Work instructions —
Since only the words are wanted, reproduce every entry exactly and leave the images behind.

- Opening Delimiter -

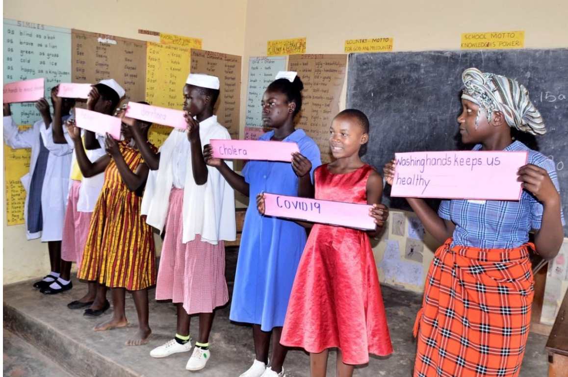
Pupils of Damalie Nabagereka primary school pointing out diseases like cholera, COVID 19 among others that arise from not washing hands

COMMUNITY HEALTH AND INFORMATION NETWORK (CHAIN)
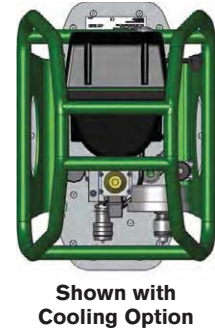
Shown with Cooling Option
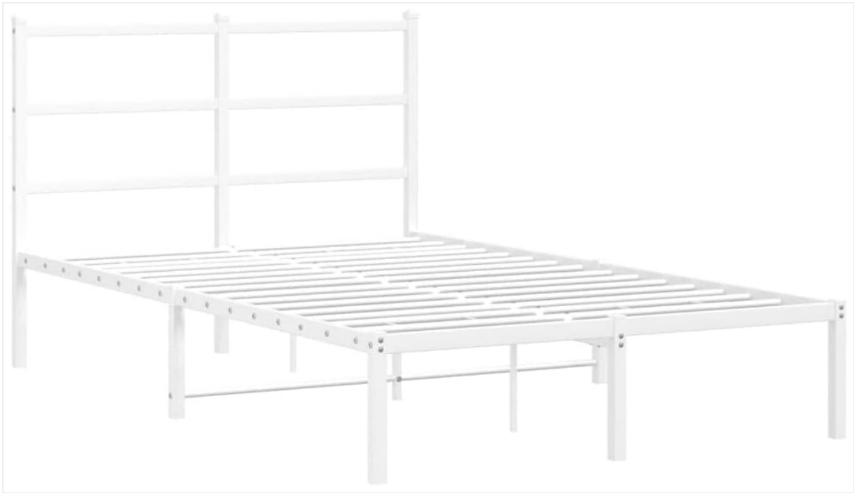
Image: The fully assembled vidaXL Metal Bed Frame, ready for use.
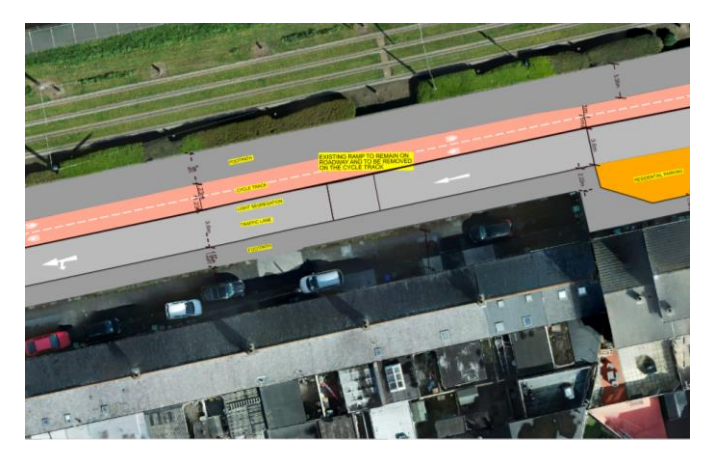
Figure 3 James's Walk Rialto St

The proposed cycle route will then run along James's Walk on the road in both directions while the road itself will become one way, running east to west towards Rialto Bridge.
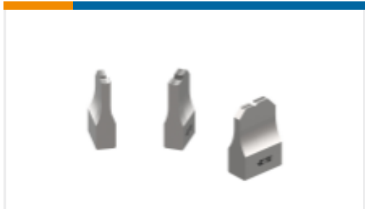
TE Part #2-1803059-1 ANVIL COMBINATION, END FEED
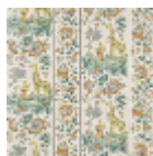
FP954003 Miel celadon
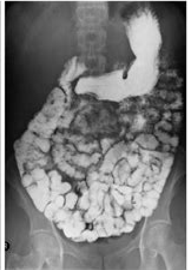
Barium showing the stomach and the small intestine
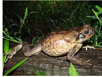
3 Rhinella marina <176mm photo: MET BUFONIDAE
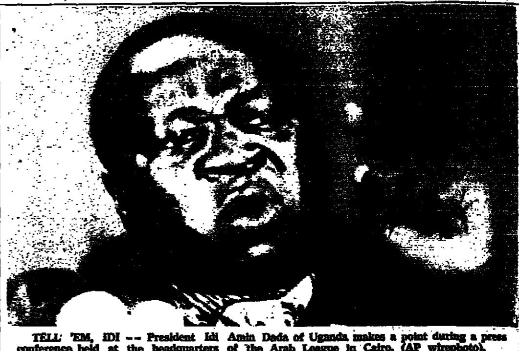
TELL: EM, IDI -- President Idi Amin Dada of Uganda makes a point during a press conference held at the headquarters of the Arab League in Cairo. (AP wirephoto).

The known number of injured, he said, was about 10,500, of whom 2,280 were still in hospitals.
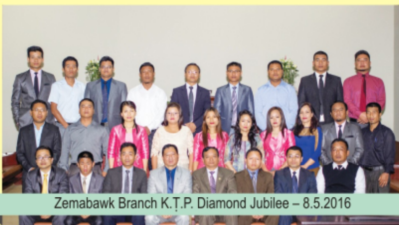
Zemabawk Branch K.T.P. Diamond Jubilee – 8.5.2016
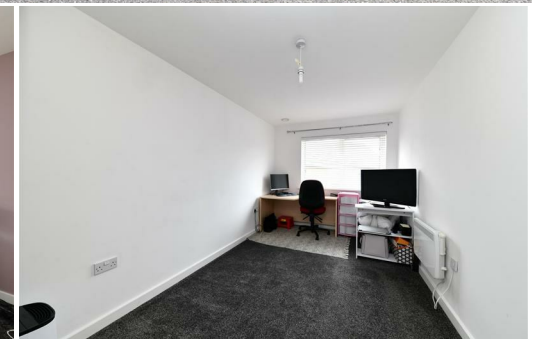
Anise Court, Admiral Drive Stevenage | SG1 4GA
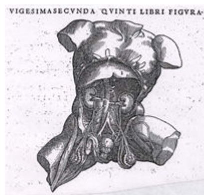
Figure 3: The 22th figure of the 5th book of Vesalius’ De humani corporis fabrica : the right kidney is clearly and erroneously higher than the left!

He still maintained (like Aristotle and Galen and all the subsequent authors) that the right kidney was higher than the left (Figure 3).
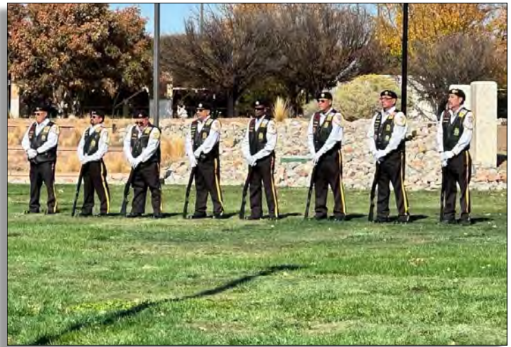
RIGHT PHOTO: The American Legion Post 13 Honor Guard from Albuquerque had the honor of rendering the rifle volley towards the end of the ceremony.
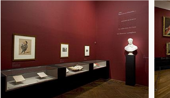
Fig. 3, Installation view of the La Caze exhibition at the Louvre, Paris. [view image & full caption]
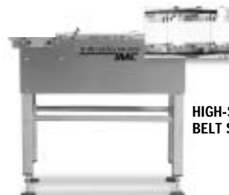
HIGH-SPEED BELT SYSTEM
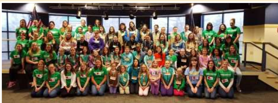
Members recognize 2015 Hygeia Day by aiding Girl Scouts.

This coming semester we are looking forward to growing our chapter with the addition of new members and will be participating in the university's Alcohol Awareness Walk. We will also be continuing our annual Turkey Tea tradition to raise donations for the local Salvation Army.

- Closing Delimiter -

Response box —
Pupils of Damalie Nabagereka primary school pointing out diseases like cholera, COVID 19 among others that arise from not washing hands

COMMUNITY HEALTH AND INFORMATION NETWORK (CHAIN)
Shown with Cooling Option
Image: The fully assembled vidaXL Metal Bed Frame, ready for use.
Figure 3 James's Walk Rialto St

The proposed cycle route will then run along James's Walk on the road in both directions while the road itself will become one way, running east to west towards Rialto Bridge.
TE Part #2-1803059-1 ANVIL COMBINATION, END FEED
FP954003 Miel celadon
Barium showing the stomach and the small intestine
3 Rhinella marina <176mm photo: MET BUFONIDAE
TELL: EM, IDI -- President Idi Amin Dada of Uganda makes a point during a press conference held at the headquarters of the Arab League in Cairo. (AP wirephoto).

The known number of injured, he said, was about 10,500, of whom 2,280 were still in hospitals.
Zemabawk Branch K.T.P. Diamond Jubilee – 8.5.2016
Anise Court, Admiral Drive Stevenage | SG1 4GA
Figure 3: The 22th figure of the 5th book of Vesalius’ De humani corporis fabrica : the right kidney is clearly and erroneously higher than the left!

He still maintained (like Aristotle and Galen and all the subsequent authors) that the right kidney was higher than the left (Figure 3).
RIGHT PHOTO: The American Legion Post 13 Honor Guard from Albuquerque had the honor of rendering the rifle volley towards the end of the ceremony.
Fig. 3, Installation view of the La Caze exhibition at the Louvre, Paris. [view image & full caption]
HIGH-SPEED BELT SYSTEM
Members recognize 2015 Hygeia Day by aiding Girl Scouts.

This coming semester we are looking forward to growing our chapter with the addition of new members and will be participating in the university's Alcohol Awareness Walk. We will also be continuing our annual Turkey Tea tradition to raise donations for the local Salvation Army.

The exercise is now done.